» Assignment: Each line of the data below should be restated exactly, with images left out.

Material for the task below:

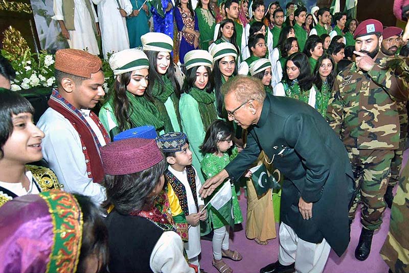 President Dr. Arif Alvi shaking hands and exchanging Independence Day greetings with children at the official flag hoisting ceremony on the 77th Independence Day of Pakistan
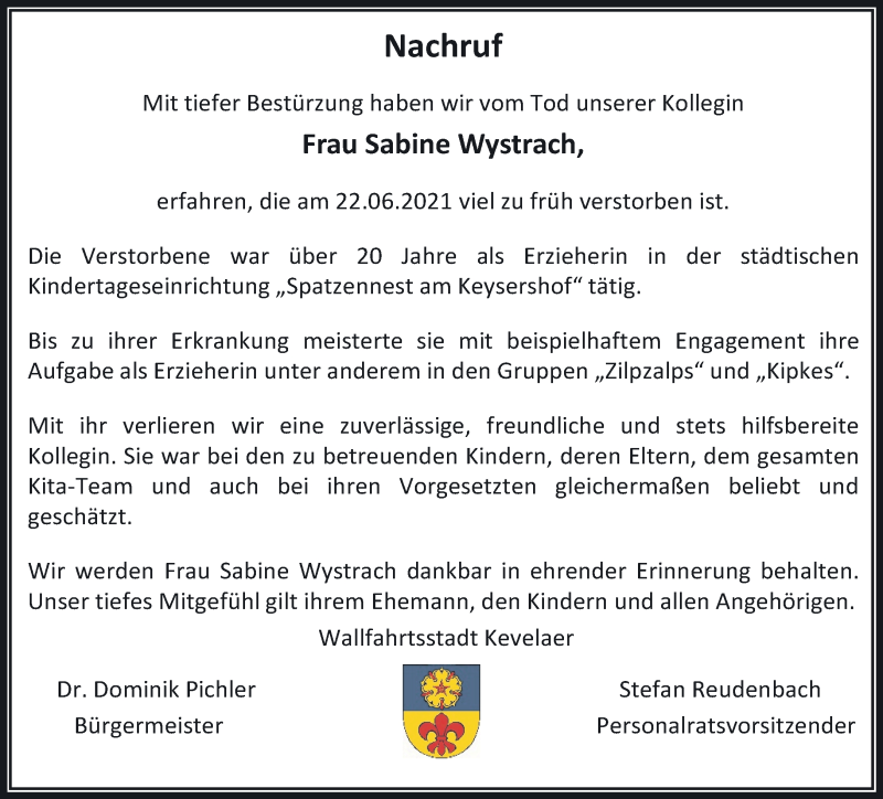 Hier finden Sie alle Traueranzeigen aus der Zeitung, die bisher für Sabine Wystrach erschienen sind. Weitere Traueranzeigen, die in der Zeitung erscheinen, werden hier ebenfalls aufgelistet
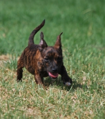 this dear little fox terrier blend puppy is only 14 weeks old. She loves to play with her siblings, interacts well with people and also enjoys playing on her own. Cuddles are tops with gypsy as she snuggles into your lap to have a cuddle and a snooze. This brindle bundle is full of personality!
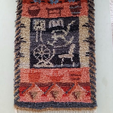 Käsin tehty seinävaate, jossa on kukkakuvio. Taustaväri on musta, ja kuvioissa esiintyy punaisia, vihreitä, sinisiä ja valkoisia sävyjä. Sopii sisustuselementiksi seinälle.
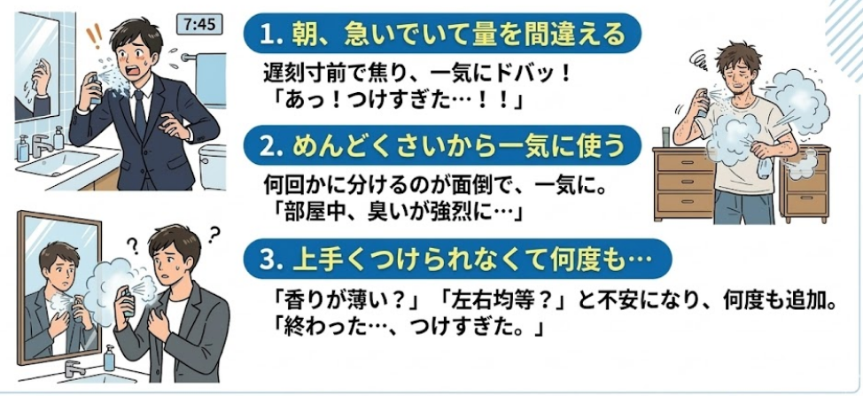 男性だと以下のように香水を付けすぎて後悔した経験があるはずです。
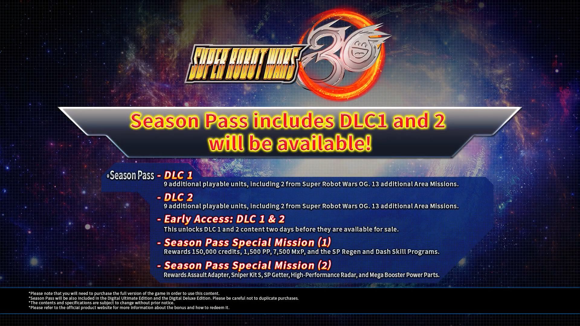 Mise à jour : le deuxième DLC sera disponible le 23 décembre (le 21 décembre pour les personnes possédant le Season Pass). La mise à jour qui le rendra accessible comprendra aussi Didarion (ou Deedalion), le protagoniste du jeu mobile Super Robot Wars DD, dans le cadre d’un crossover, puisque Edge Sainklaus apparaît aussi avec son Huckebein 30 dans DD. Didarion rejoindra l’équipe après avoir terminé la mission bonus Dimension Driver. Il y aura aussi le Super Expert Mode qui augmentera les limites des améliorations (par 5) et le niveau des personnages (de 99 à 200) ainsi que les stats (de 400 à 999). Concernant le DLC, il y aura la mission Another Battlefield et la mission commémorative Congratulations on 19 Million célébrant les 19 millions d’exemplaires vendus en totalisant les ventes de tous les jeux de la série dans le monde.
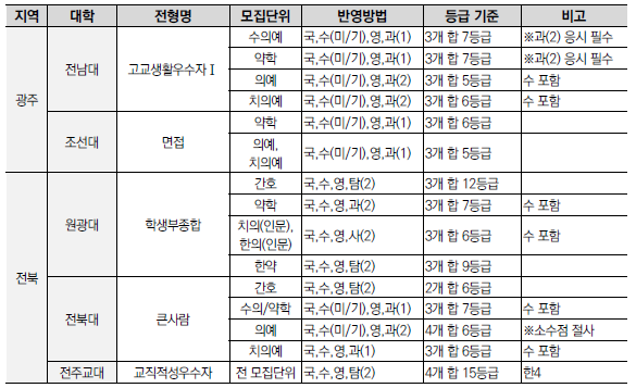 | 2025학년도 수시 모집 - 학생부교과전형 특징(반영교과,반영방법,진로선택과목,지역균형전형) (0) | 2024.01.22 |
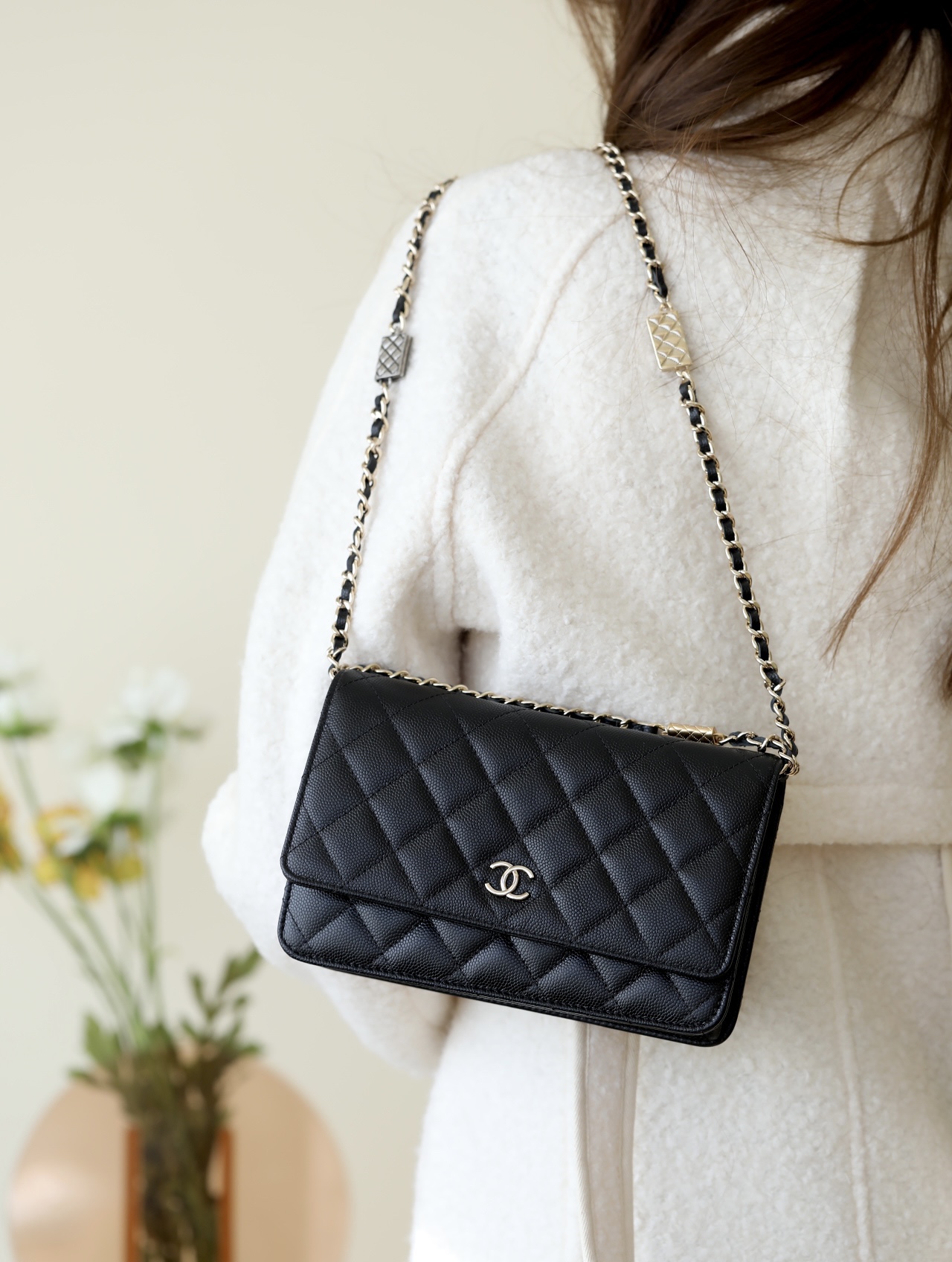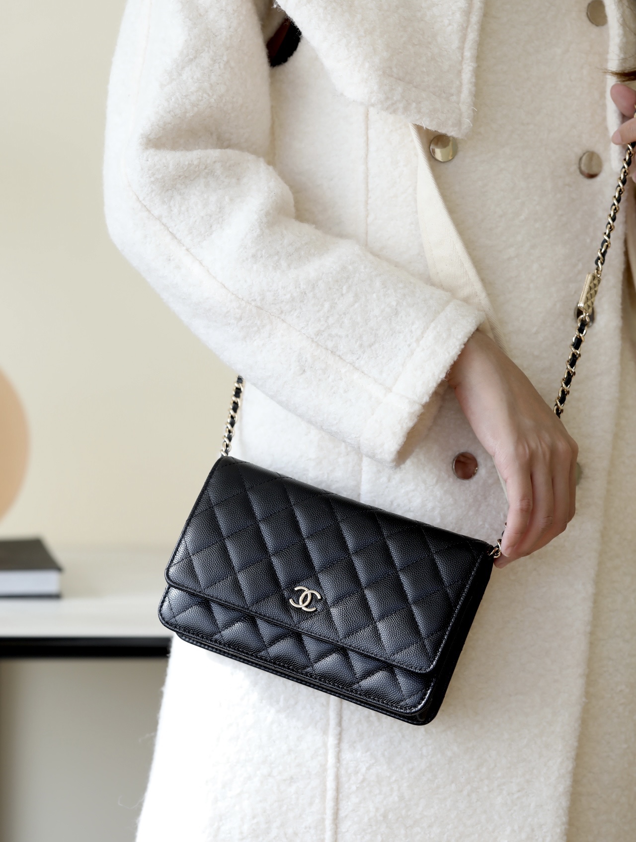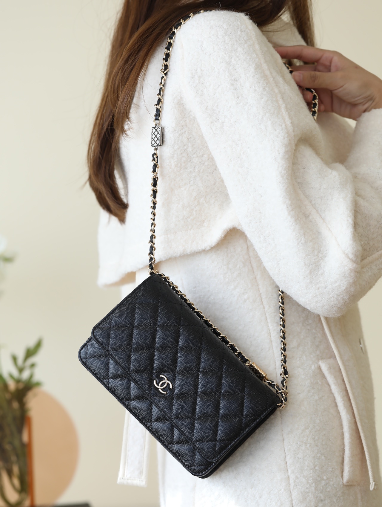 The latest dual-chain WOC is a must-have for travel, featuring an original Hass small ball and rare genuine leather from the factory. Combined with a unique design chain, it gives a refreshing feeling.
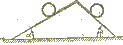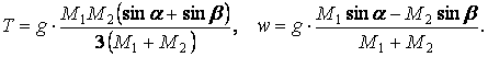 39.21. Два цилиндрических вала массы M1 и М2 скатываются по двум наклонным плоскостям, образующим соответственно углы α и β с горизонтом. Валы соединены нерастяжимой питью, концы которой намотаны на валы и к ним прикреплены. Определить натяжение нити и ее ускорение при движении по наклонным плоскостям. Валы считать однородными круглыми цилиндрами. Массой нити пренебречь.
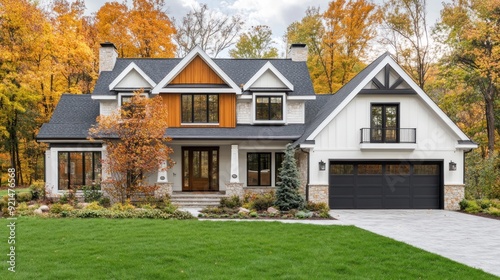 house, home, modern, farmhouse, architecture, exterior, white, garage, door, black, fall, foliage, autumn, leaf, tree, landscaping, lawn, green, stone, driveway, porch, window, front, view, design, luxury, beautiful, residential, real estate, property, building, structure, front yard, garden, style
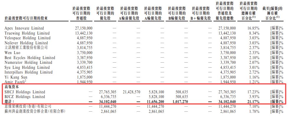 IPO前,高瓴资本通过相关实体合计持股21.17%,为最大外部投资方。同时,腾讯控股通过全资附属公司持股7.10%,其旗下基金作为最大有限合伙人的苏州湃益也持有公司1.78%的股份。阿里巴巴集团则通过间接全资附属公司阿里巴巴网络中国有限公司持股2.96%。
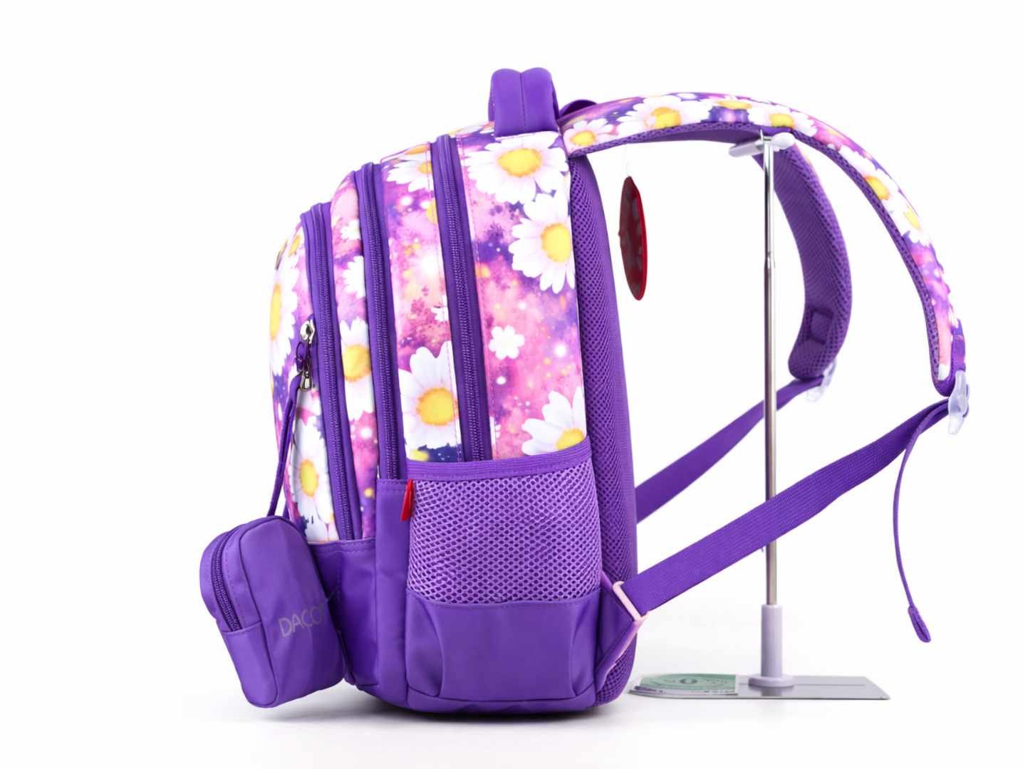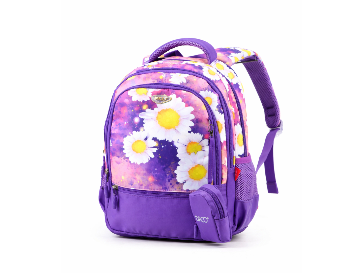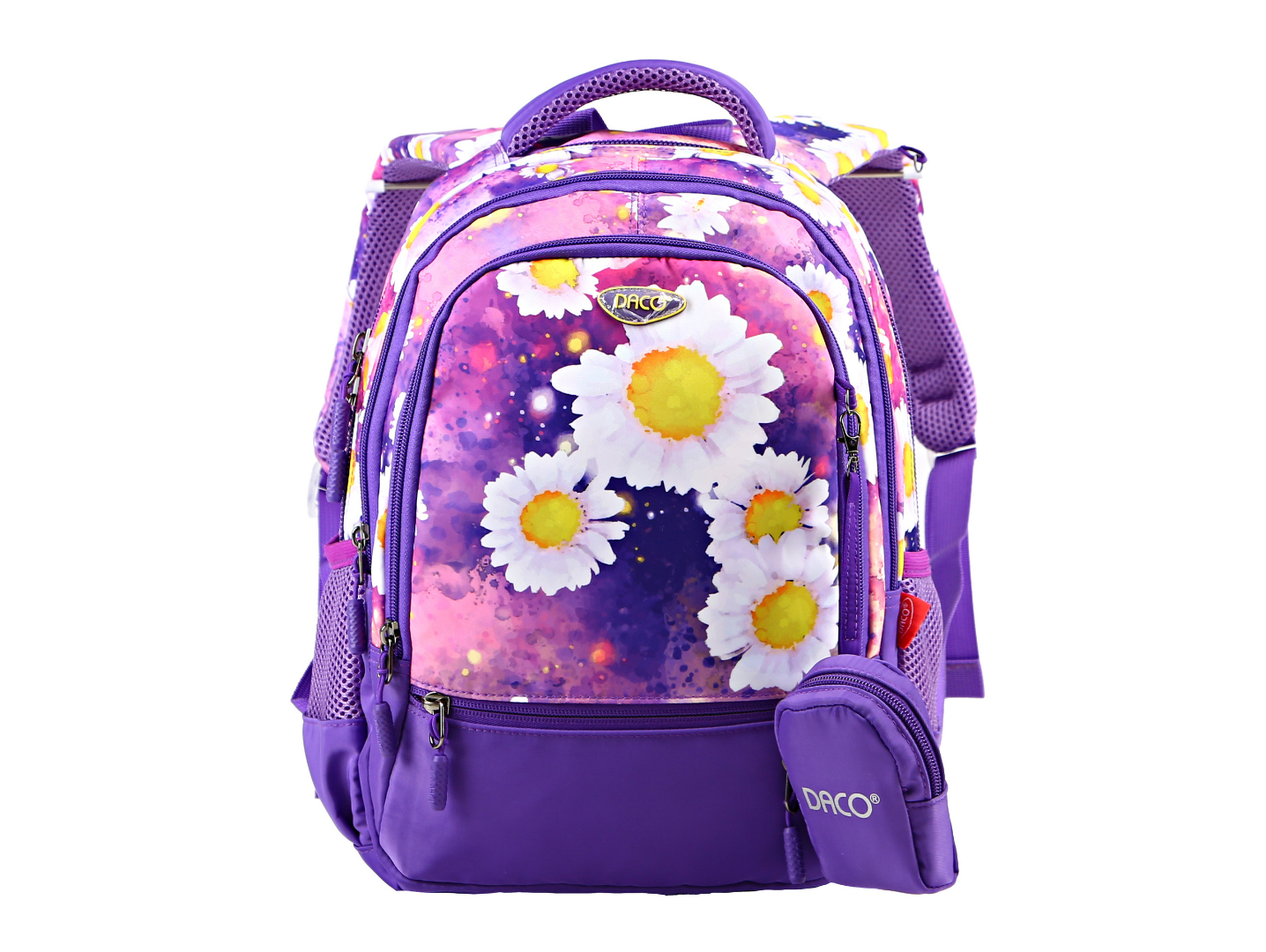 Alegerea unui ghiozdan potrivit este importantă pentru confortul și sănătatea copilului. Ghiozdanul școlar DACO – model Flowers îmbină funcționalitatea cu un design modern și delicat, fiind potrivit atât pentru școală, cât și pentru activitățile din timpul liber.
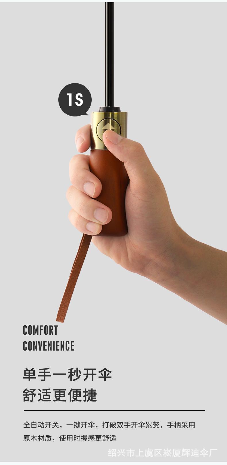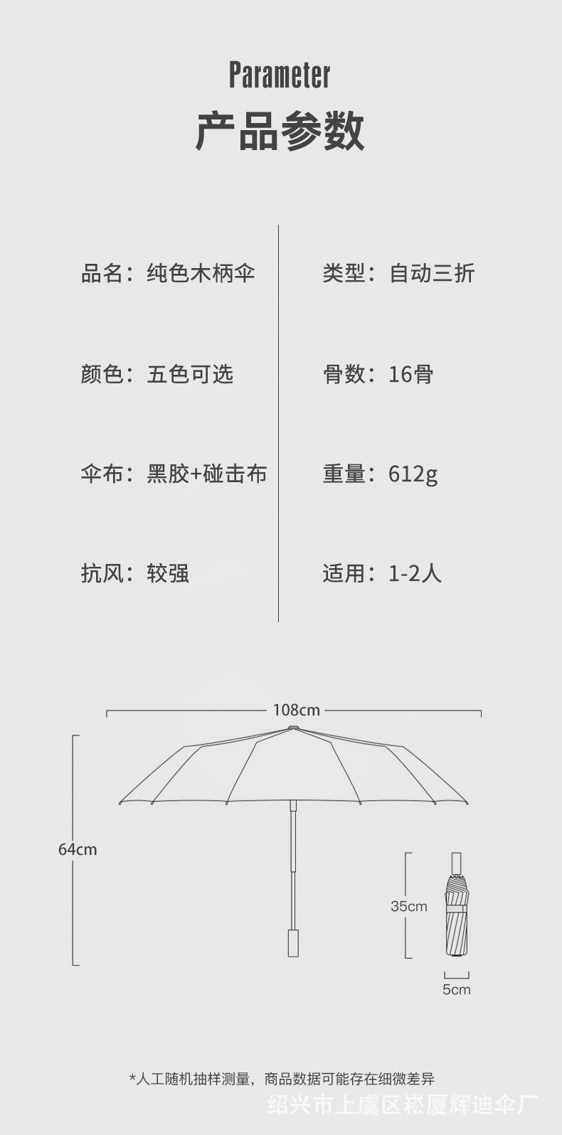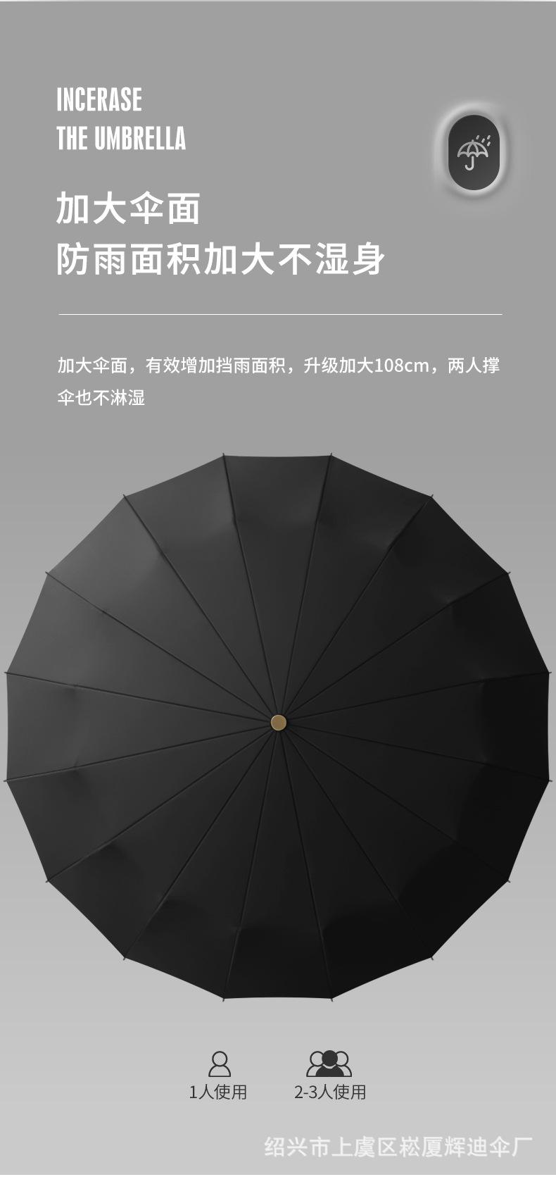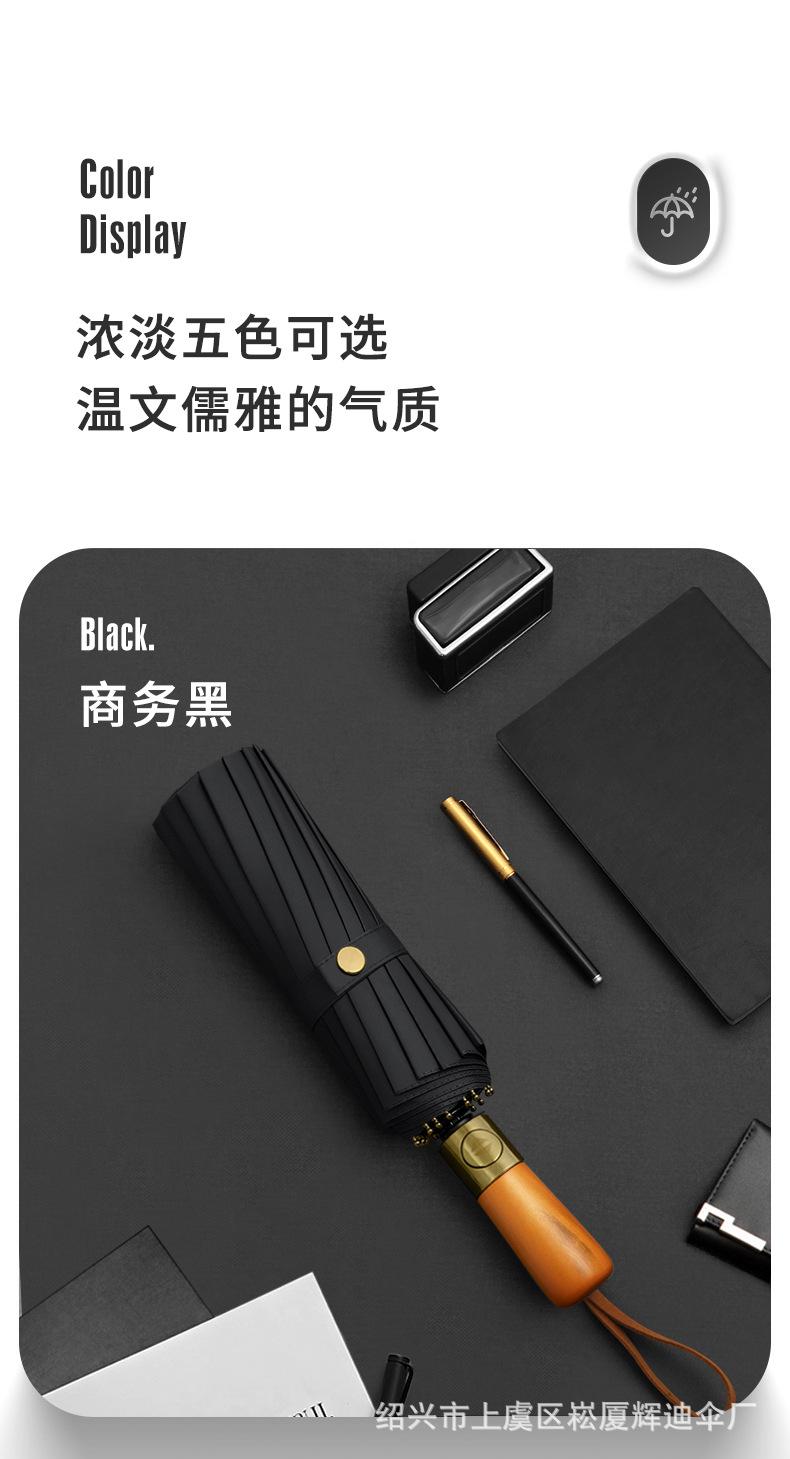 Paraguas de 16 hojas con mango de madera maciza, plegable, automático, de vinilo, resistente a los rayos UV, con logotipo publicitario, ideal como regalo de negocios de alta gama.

End of Material for the task.

» Result of this task:
 President Dr. Arif Alvi shaking hands and exchanging Independence Day greetings with children at the official flag hoisting ceremony on the 77th Independence Day of Pakistan
 Hier finden Sie alle Traueranzeigen aus der Zeitung, die bisher für Sabine Wystrach erschienen sind. Weitere Traueranzeigen, die in der Zeitung erscheinen, werden hier ebenfalls aufgelistet
 this dear little fox terrier blend puppy is only 14 weeks old. She loves to play with her siblings, interacts well with people and also enjoys playing on her own. Cuddles are tops with gypsy as she snuggles into your lap to have a cuddle and a snooze. This brindle bundle is full of personality!
 Käsin tehty seinävaate, jossa on kukkakuvio. Taustaväri on musta, ja kuvioissa esiintyy punaisia, vihreitä, sinisiä ja valkoisia sävyjä. Sopii sisustuselementiksi seinälle.
 男性だと以下のように香水を付けすぎて後悔した経験があるはずです。
 Mise à jour : le deuxième DLC sera disponible le 23 décembre (le 21 décembre pour les personnes possédant le Season Pass). La mise à jour qui le rendra accessible comprendra aussi Didarion (ou Deedalion), le protagoniste du jeu mobile Super Robot Wars DD, dans le cadre d’un crossover, puisque Edge Sainklaus apparaît aussi avec son Huckebein 30 dans DD. Didarion rejoindra l’équipe après avoir terminé la mission bonus Dimension Driver. Il y aura aussi le Super Expert Mode qui augmentera les limites des améliorations (par 5) et le niveau des personnages (de 99 à 200) ainsi que les stats (de 400 à 999). Concernant le DLC, il y aura la mission Another Battlefield et la mission commémorative Congratulations on 19 Million célébrant les 19 millions d’exemplaires vendus en totalisant les ventes de tous les jeux de la série dans le monde.
 | 2025학년도 수시 모집 - 학생부교과전형 특징(반영교과,반영방법,진로선택과목,지역균형전형) (0) | 2024.01.22 |
 The latest dual-chain WOC is a must-have for travel, featuring an original Hass small ball and rare genuine leather from the factory. Combined with a unique design chain, it gives a refreshing feeling.
 39.21. Два цилиндрических вала массы M1 и М2 скатываются по двум наклонным плоскостям, образующим соответственно углы α и β с горизонтом. Валы соединены нерастяжимой питью, концы которой намотаны на валы и к ним прикреплены. Определить натяжение нити и ее ускорение при движении по наклонным плоскостям. Валы считать однородными круглыми цилиндрами. Массой нити пренебречь.
 house, home, modern, farmhouse, architecture, exterior, white, garage, door, black, fall, foliage, autumn, leaf, tree, landscaping, lawn, green, stone, driveway, porch, window, front, view, design, luxury, beautiful, residential, real estate, property, building, structure, front yard, garden, style
 IPO前,高瓴资本通过相关实体合计持股21.17%,为最大外部投资方。同时,腾讯控股通过全资附属公司持股7.10%,其旗下基金作为最大有限合伙人的苏州湃益也持有公司1.78%的股份。阿里巴巴集团则通过间接全资附属公司阿里巴巴网络中国有限公司持股2.96%。
 Alegerea unui ghiozdan potrivit este importantă pentru confortul și sănătatea copilului. Ghiozdanul școlar DACO – model Flowers îmbină funcționalitatea cu un design modern și delicat, fiind potrivit atât pentru școală, cât și pentru activitățile din timpul liber.
 Paraguas de 16 hojas con mango de madera maciza, plegable, automático, de vinilo, resistente a los rayos UV, con logotipo publicitario, ideal como regalo de negocios de alta gama.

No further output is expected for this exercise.